Ich würde das Buch auf jeden Fall empfehlen, es hat mir interessante neue Einsichten gebracht, wenn es vielleicht auch nicht der allerausführlichste Schreibratgeber ist.

Lorelei

Buchtipp, für alle, die des Englischen mächtig sind:

The Weekend Novelist Writes A Mystery - von Rober J. Ray und Jack Remick

Es handelt sich um eine Art Schreibkurs. Das Buch verspricht einen an die Hand zu nehmen und über jede Menge Übungen im Verlauf von 52 Wochenenden zu einem fertigen Thriller/Krimi zu coachen. Es geht dabei vorwiegend um Charakter-Building, Plotting und das Planen von Szenen.
Es ist mir zwar nicht gelungen, damit einen Roman zu schreiben, weil mein Arbeits- und Familienleben dazwischen kam, aber viele der Übungen habe ich gemacht und fand sie sehr erhellend. Ich habe reichlich Notizen und Ideen für einen Roman gesammelt, und bin überzeugt, dass das Material gut genug ist, dass ich damit ein Buch schreiben kann (sobald ich ein paar andere Projekte abgearbeitet habe).

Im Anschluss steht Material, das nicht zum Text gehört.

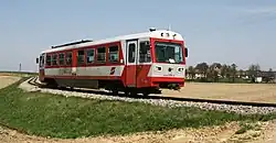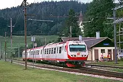 The normal passenger service on the line is now provided by a fleet of nine low-floor EMUs built by Stadler Rail, which entered service between 2012 and 2014. In summer these pull matching panoramic first-class coaches from a fleet of four. The three-car articulated EMUs are designed to operate up to 80 km/h, and are prominently branded Himmelstreppe ("Stairway to Heaven"), a name chosen to reflect the line's terminus in the pilgrimage centre of Mariazell.[1][3][4]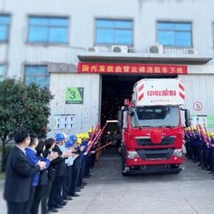 国内首款曲臂云梯消防车在中联重科下线

Die Übungen haben zT den Zweck, kreative und analytische Elemente zu verknüpfen. Man schreibt zum Beispiel Träume für den Protagonisten und den Mörder, sowie fiktive Interviews mit einzelnen Charakteren oder überlegt sich Objekte, mit denen man Veranlagung oder Gemütszustände von Charakteren illustrieren/unterstreichen kann. Am Ende hat man regelrechte "Leitmotive" für die Charaktere. Der Beispiel-Plot, der immer wieder herangezogen wird, um die Techniken zu illustrieren, hat mich nicht restlos überzeugt, aber wie gesagt, nach der Lektüre des Buches hatte ich ein fettes Notizbuch voller Ideen und Szenen.


Es gibt ein Buch mit dem Titel The Weekend Novelist  vom gleichen Autor, das nicht so sehr auf Mystery/Thriller fixiert ist. Das habe ich allerdings noch nicht beendet. Das stellt allerdings eine interessante Technik vor, die ich schon mal mit großem Erfolg bei einer Fanfiction eingesetzt habe. Die Technik heißt Spinning down the page:
Man schreibt quasi im Telegram-Stil, ohne Satzzeichen, jeder Gedanke bekommt eine neue Zeile, manchmal steht nur ein Wort in der Zeile - fast als müsste man einen Film so schnell transkribieren, wie man ihn sieht.
Dabei kommt die kreative Hirnhälfte in Fahrt. Das subjektive Gefühl von Geschwindigkeit erhitzt gewissermaßen das Eisen das man im Feuer hat. Dialogfetzen, Gestik, Setting, alles mit so wenig Worten wir möglich.
Das Ausformulieren kommt später.

Ich war erst skeptisch, aber man nimmt tatsächlich Fahrt auf und kann sogar Schreibblockaden durchbrechen. Am Ende hat man eine ganz grobe Skizze, wo die Reise hingeht mit den allerwichtigsten Eckpunkten.

tldr: Ich fand beide Bücher nützlich und inspirierend - und auch nicht so belehrend, wie manche Ratgeber.